We had to design a resampler that compounded daily returns into quarterly buckets to match our rebalancing frequency.
# use resample function to change daily data to quarterly data
q_data = re_data.resample('Q').apply(lambda x: ((1 + x/100).prod() - 1)*100)
q_data.index = q_data.index.to_period('Q')
q_data.rename_axis('quarter', axis=0, inplace=True)
Based on the aforementioned sentiment analysis and weight calculations, the weighted return of the investment portfolio is calculated for each quarter.
def backtest(return_data, quarter_weights):
return quarter_weights.groupby(by='quarter').apply(lambda x:compute_weighted_return(return_data, x))

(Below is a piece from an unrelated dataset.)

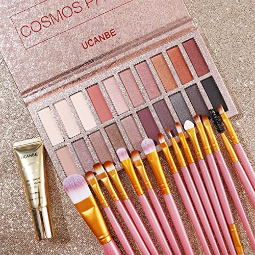 UCANBE 10 Colors Eyeshadow Palette Makeup +15Pcs Brushes Set + Eye Shadow Primer All in One Makeup Kit Waterproof Long Lasting High Pigment Eye Shadow
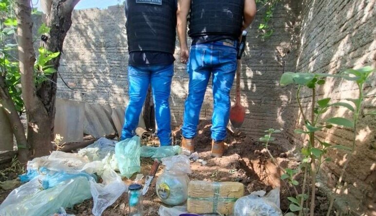 Durante a ação, os policiais localizaram e apreenderam pinos de cocaína fracionados e prontos para a comercialização, além de outros materiais típicos do tráfico. Parte do material entorpecente estava enterrado no fundo da residência.

def compute_weighted_return(return_data, group):
quarter = group.name
data = return_data.loc[return_data['quarter'] == quarter, :]

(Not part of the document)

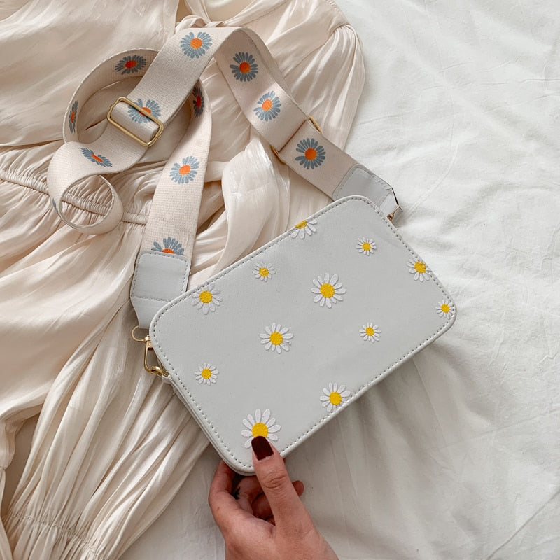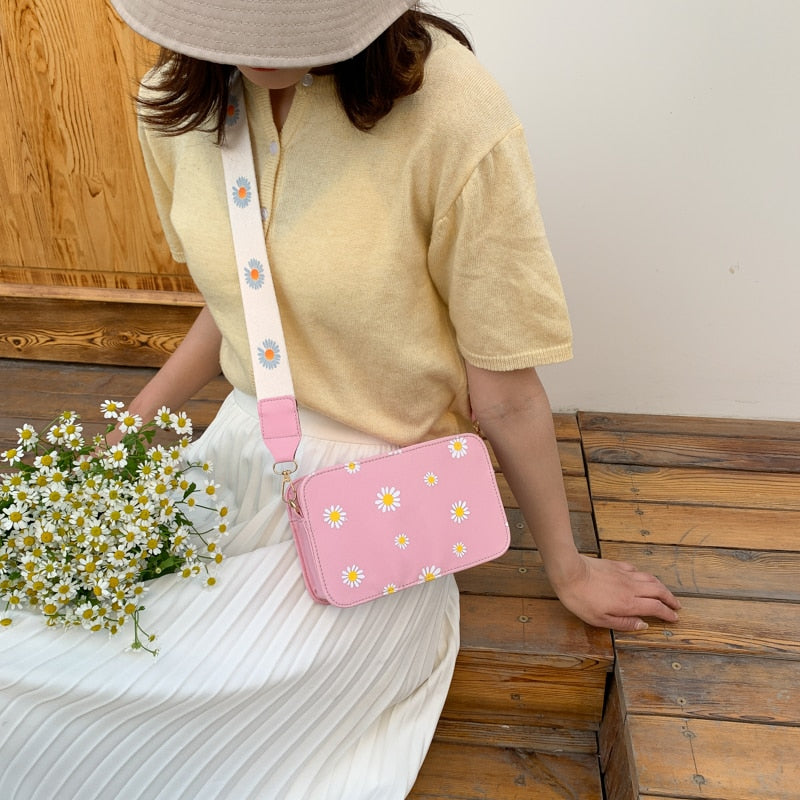 Korean wide shoulder strap flower bag single shoulder small square bag
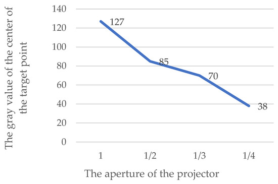As shown in Table 2 and Figure 5, the larger the aperture of the projector, the brighter the projected targets.

data.drop('quarter', axis=1, inplace=True)
group.set_index('stock', inplace=True)
return (group['weight'] * data).sum(axis=1)
IV. Comparison of Different Backtesting Frameworks
We designed two distinct backtesting frameworks: a Sentiment analysis-based weight adjustment strategy and an End-to-End BERT regression strategy.
The primary difference between the two backtesting designs lies in their methodological approaches. The first strategy begins with sentiment analysis, then converts sentiment scores into weight adjustments, reflecting the intrinsic logic of behavioral finance—where emotions influence investment behavior and, consequently, prices. The second strategy directly maps textual information to stock returns and adjusts weights based on predicted returns, aligning with the efficient market hypothesis, which posits that information determines prices.
Backtesting results based on Sentiment-analysis Bert Model:
Figure1:Quarterly Return of NLP Strategy
Figure2:Cumulative Return of NLP Strategy
Backtesting results based on End-to-End Bert model:
Figure3:Quarterly Return of End-to-End Bert Strategy
Figure4:Cumulative Return of End-to-End Bert Strategy
Investment performance of the 2 models:
| Model | Sentiment-analysis Bert Model | End-to-End Bert model | Increase(compared with sentiment base bert model) |
|---|---|---|---|
| Sharpe Ratio | 0.3648 | 0.4743 | 30.0164% |
| Information Rario | 0.4456 | 0.7332 | 64.5422% |
| Absolute return | 320.63% | 582.87% | 81.7889% |
key insight:
As can be seen from the table, the backtesting results of the End-to-End BERT regression model are significantly better than those of the sentiment analysis-based BERT model. We believe the main reasons for this are:
-
Sentiment analysis only extracts emotional information, whereas the End-to-end model can extract additional information beyond sentiment (such as risks, opportunities, etc.).
-
The end-to-end model achieves a direct mapping from text to investment returns, which provides a clearer objective.
V. Future Direction
Currently, our team is still in the exploratory phase. Our future direction is to implement multi-task learning, combining the two different backtesting strategies to conduct investment predictions based on factors such as sentiment, risk, and future opportunities simultaneously.